Abstract
In these experiments, in which relatively large doses of magnesium sulfate were given to dogs, abscesses and sloughing followed subcutaneous injections, but were not caused by intramuscular or intravenous injections nor by administrations per os. Very large doses of magnesium sulfate could repeatedly be injected intravenously without causing death, when care was taken to conduct the process slowly.
Daily fluctuations in the weight of the animals, as well as in the volume and specific gravity of their urines, resulted chiefly from diuretic or diarrheal influences and the consequent compensatory tendencies.
Administration per os caused diarrhea. Bone ash in the food appeared to exert only a mechanical diminution of such diarrheal tendencies. Injections under the skin or into a muscle or into the circulation failed to elicit any evidence of diarrhea, except in one doubtful case after subcutaneous application. On the contrary, such injections appeared to make the feces drier and harder than ordinarily, and the urine volumes greater.

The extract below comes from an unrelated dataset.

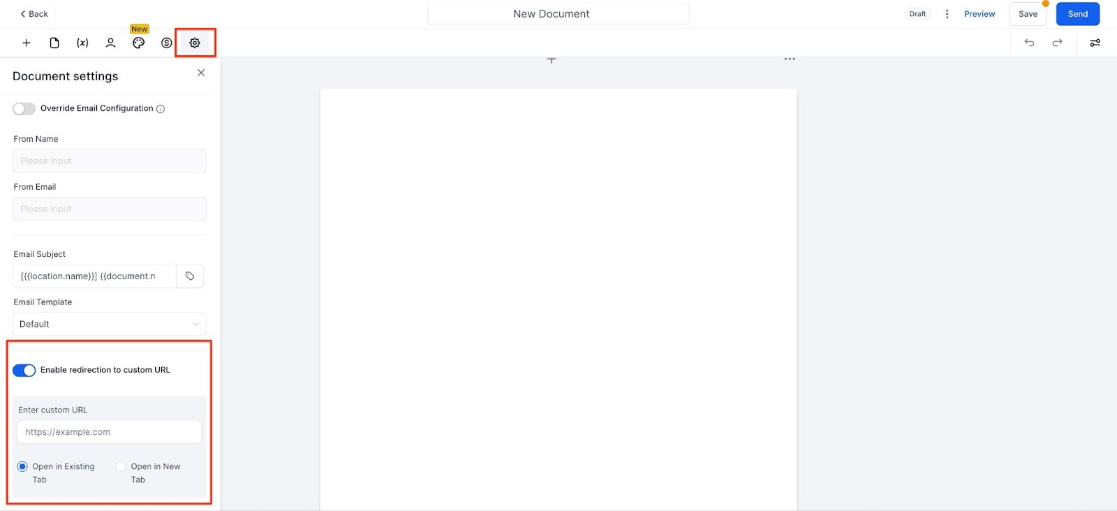 Select "Document Settings" from the sidebar and toggle on the option to "Redirect to a Custom URL."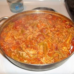2Stir in stewed tomatoes and tomato paste, and season with salt, black pepper, cayenne pepper, red pepper flakes, Worcestershire sauce and rosemary. Cover, and bring to a boil. Reduce heat, stir in water, and add chicken pieces. Simmer for 30 minutes.

If there was any effect on the quantitative elimination of solid matter in the feces, it was not more than a slight increase. The same may be said of the content of nitrogen in the feces, and also of the fecal discharge of magnesium (after intravenous injection of magnesium sulfate).
In a general way elimination of nitrogen in the urine was increased after the normal periods, but the increase was not sufficient to warrant the conclusion that it was a direct effect of the dosage. The observed absolute increase of urinary nitrogen was registered chiefly in the form of urea, although the relative excretion of the latter was below normal in one of the two main experiments.
The most striking and consistent effect on the partition of the urinary nitrogen was the continued absolute as well as relative increase of ammonia elimination throughout the whole of the dosage part of each metabolism experiment, in spite of the fact that the Folin method does not permit of complete recovery of ammonia from crystallized ammonio-magnesium phosphate.